(Records excerpted from a collection)
◆ ◆ ◆ ◆ ◆
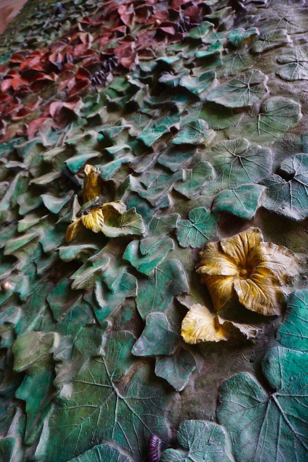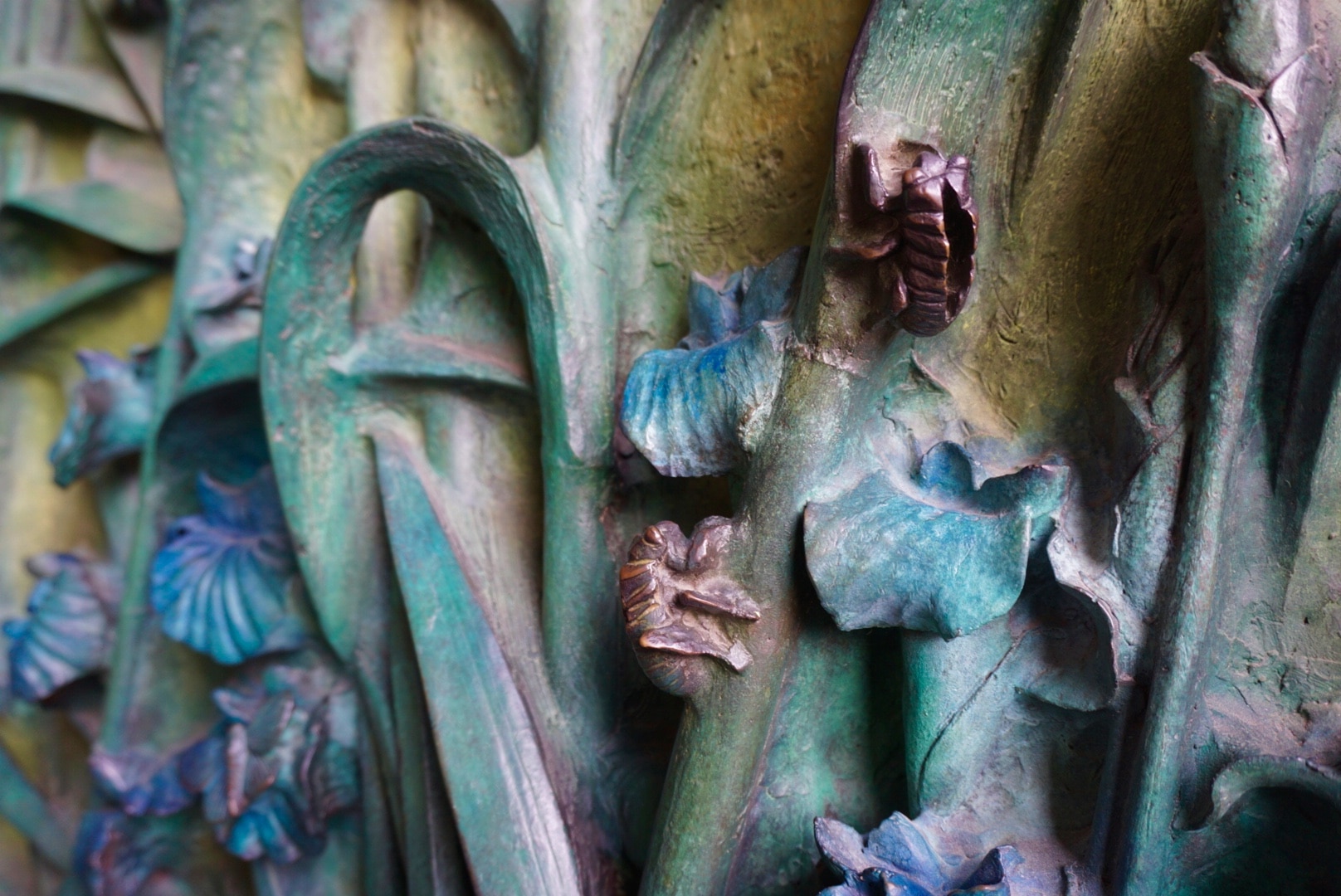 One thing that makes a visit to the Sagrada Familia so fascinating is to see how it changes over time. For example, I was drooling over the bronze doors of the Nativity Façade, which were installed in 2014-2015, seven years after my first visit to the basilica. Designed by Japanese sculptor, Etsuro Sotoo, these giant metal doors are incredibly delicate, featuring the whimsical delights of nature – a dove nestled in the roses, brightly colored insects roaming over leaves and flowers, lush ivy stretching seven meters high.
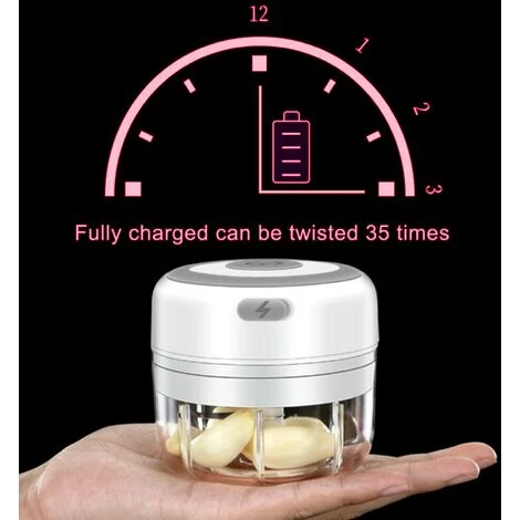 charge par USB. - Excellent matériau : ce mini presse-ail électrique adopte un matériau sans BPA, sans danger. Le mini hachoir à ail/oignon est conçu avec un verrou magnétique de sécurité pour les enfants, ce qui garantit que le hachoir à ail ne démarre pas sans fermer
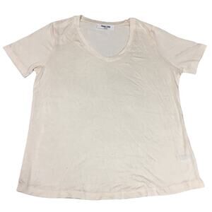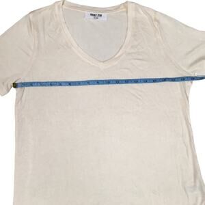 Double Zero T-Shirt Ivory Short Sleeve Round Neck Stretch Knit Women's Small Top
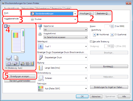 Sie können ein Profil auswählen, um dieselben Druckeinstellungen mehrmals verwenden zu können (vgl. "Profil für den Druck auswählen").
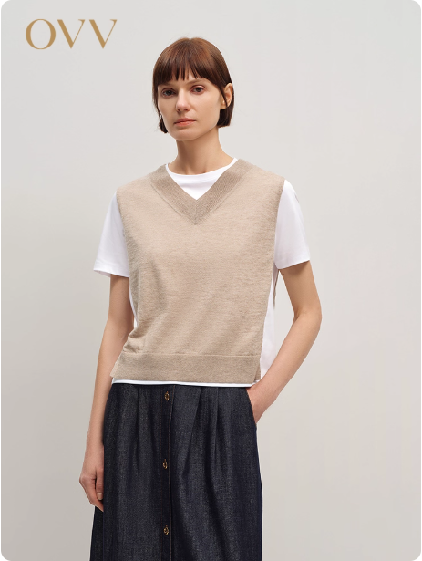 秋冬新款女装休闲时髦撞色叠穿假两件设计短袖针织衫
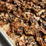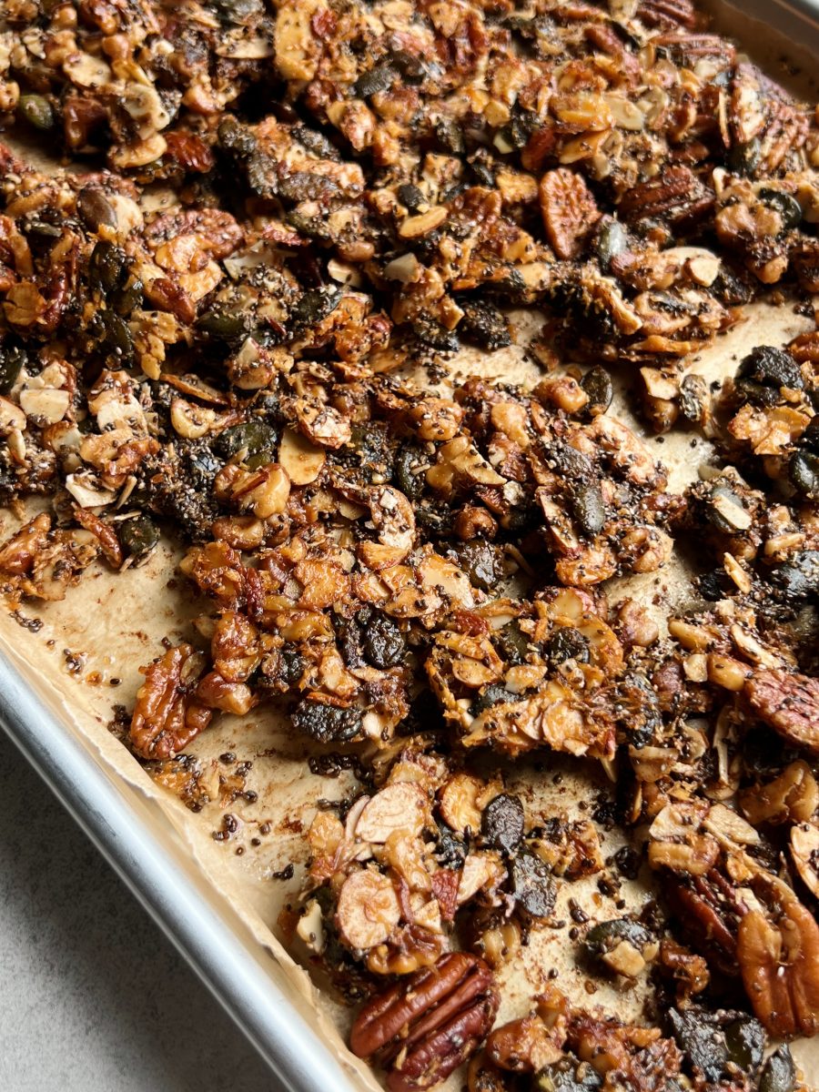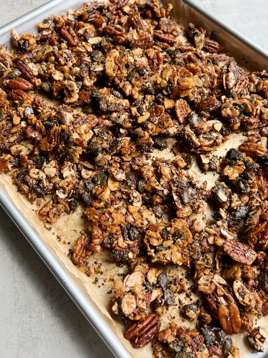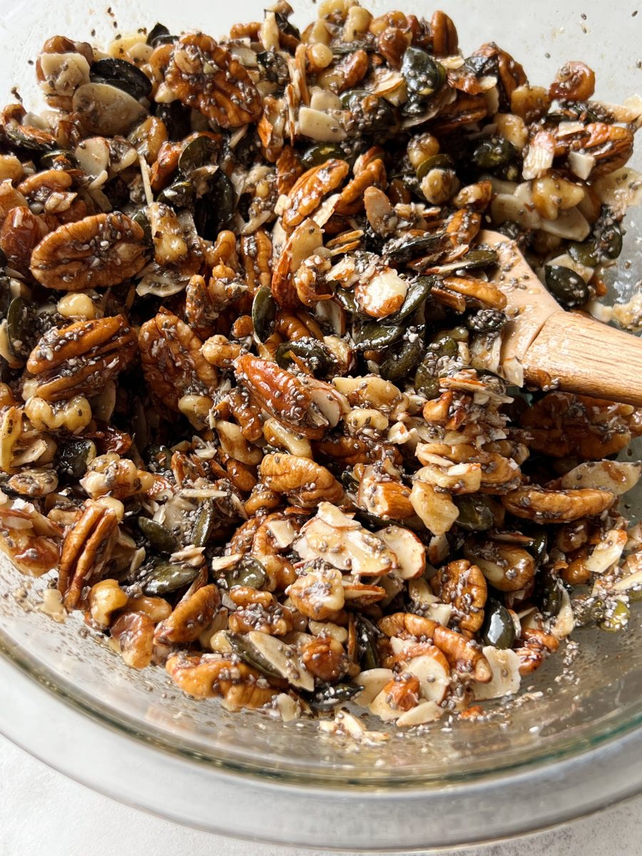 The nuts and seeds get mixed with a maple syrup and coconut oil glaze and come out so crispy and crunchy.
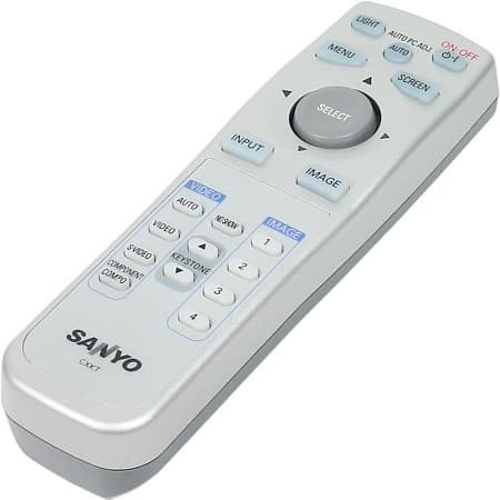 У пульта два излучающих ИК-светодиода, но на корпусе проектора ИК-приемник только спереди, поэтому сигналу от пульта чаще всего придется отражаться от экрана. Устойчивая связь наблюдалась, когда от пульта до экрана и от экрана до проектора в сумме было меньше 7 м.
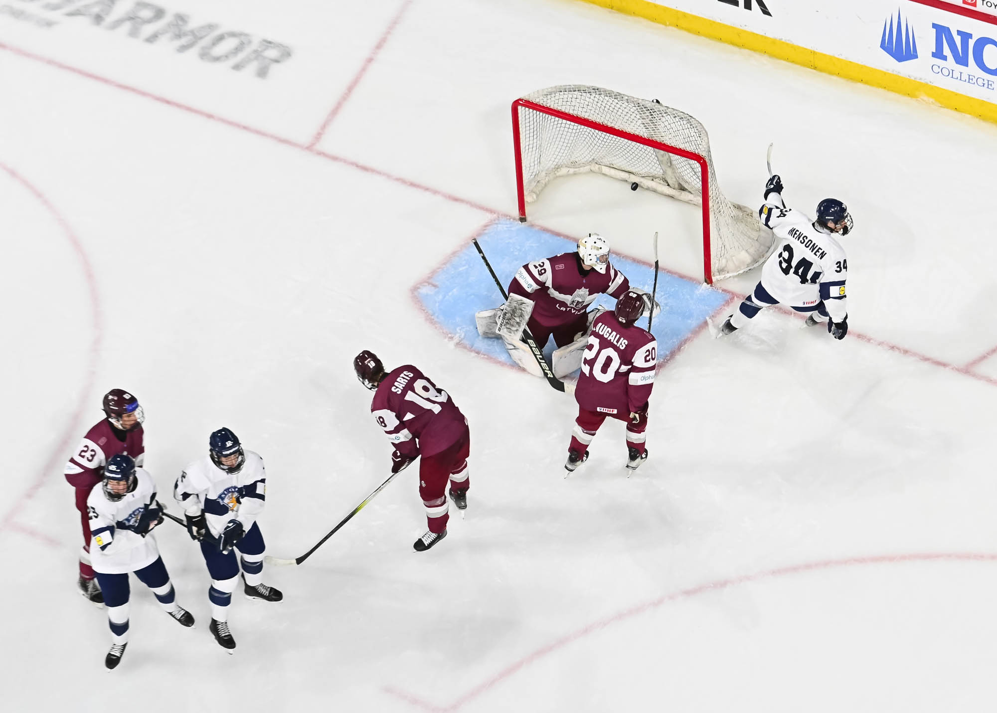 Finland burst out to a 6-2 lead after one period and coasted to a 10-2 win over Latvia this afternoon in Allen, Texas. The win shoots the Finns into first place over idle Canada with a 2-0-1-0 record for seven points. Latvia drops to 0-1-0-2 and remains in fourth spot.
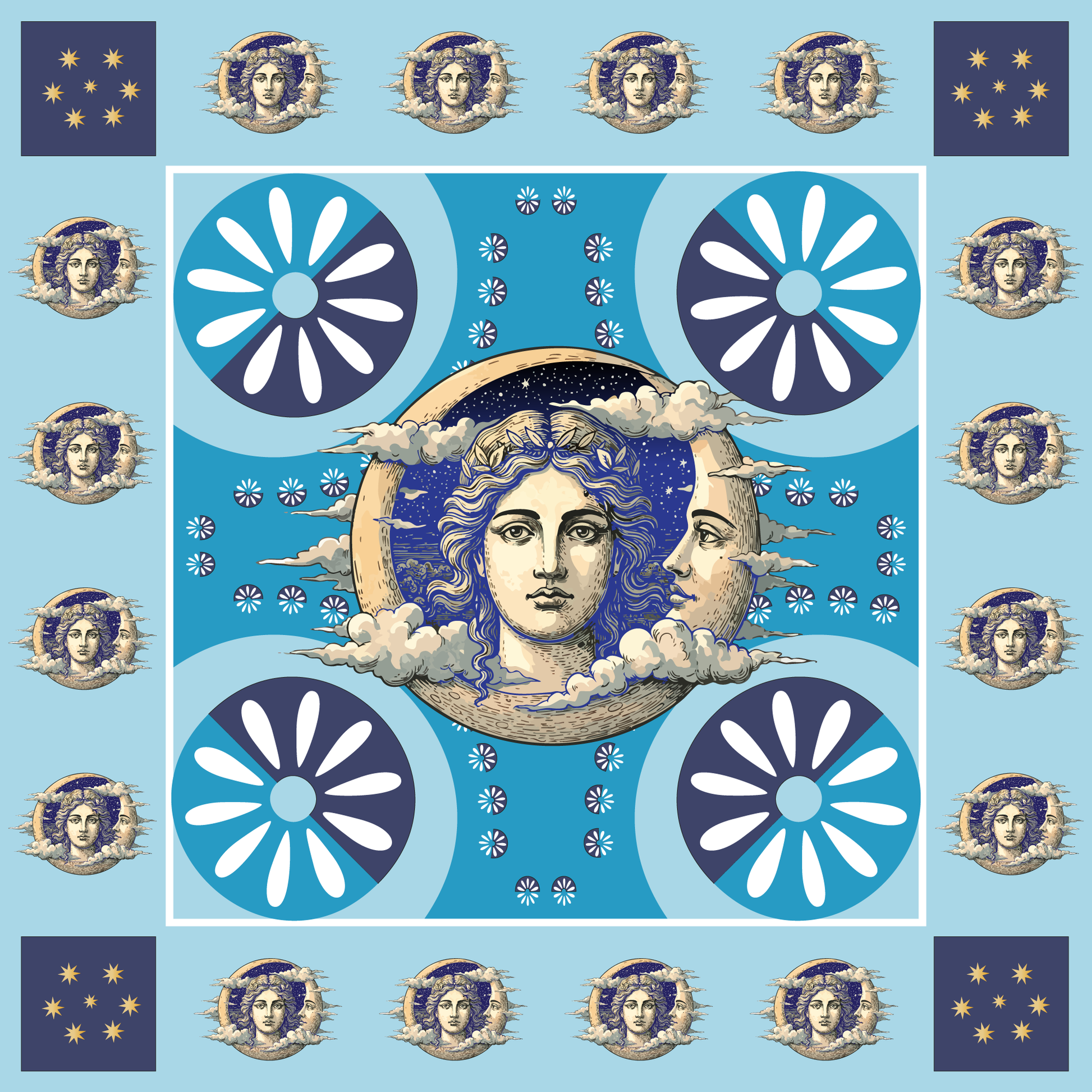 100% Silk Charmeuse Square Scarf Crescent Moon in Blue
◆ ◆ ◆ ◆ ◆
### [Your goal]
Every line above has to be output exactly; the pictures must be dropped.

### [Expected answer]
 One thing that makes a visit to the Sagrada Familia so fascinating is to see how it changes over time. For example, I was drooling over the bronze doors of the Nativity Façade, which were installed in 2014-2015, seven years after my first visit to the basilica. Designed by Japanese sculptor, Etsuro Sotoo, these giant metal doors are incredibly delicate, featuring the whimsical delights of nature – a dove nestled in the roses, brightly colored insects roaming over leaves and flowers, lush ivy stretching seven meters high.
 charge par USB. - Excellent matériau : ce mini presse-ail électrique adopte un matériau sans BPA, sans danger. Le mini hachoir à ail/oignon est conçu avec un verrou magnétique de sécurité pour les enfants, ce qui garantit que le hachoir à ail ne démarre pas sans fermer
 Double Zero T-Shirt Ivory Short Sleeve Round Neck Stretch Knit Women's Small Top
 Sie können ein Profil auswählen, um dieselben Druckeinstellungen mehrmals verwenden zu können (vgl. "Profil für den Druck auswählen").
 秋冬新款女装休闲时髦撞色叠穿假两件设计短袖针织衫
 The nuts and seeds get mixed with a maple syrup and coconut oil glaze and come out so crispy and crunchy.
 У пульта два излучающих ИК-светодиода, но на корпусе проектора ИК-приемник только спереди, поэтому сигналу от пульта чаще всего придется отражаться от экрана. Устойчивая связь наблюдалась, когда от пульта до экрана и от экрана до проектора в сумме было меньше 7 м.
 Finland burst out to a 6-2 lead after one period and coasted to a 10-2 win over Latvia this afternoon in Allen, Texas. The win shoots the Finns into first place over idle Canada with a 2-0-1-0 record for seven points. Latvia drops to 0-1-0-2 and remains in fourth spot.
 100% Silk Charmeuse Square Scarf Crescent Moon in Blue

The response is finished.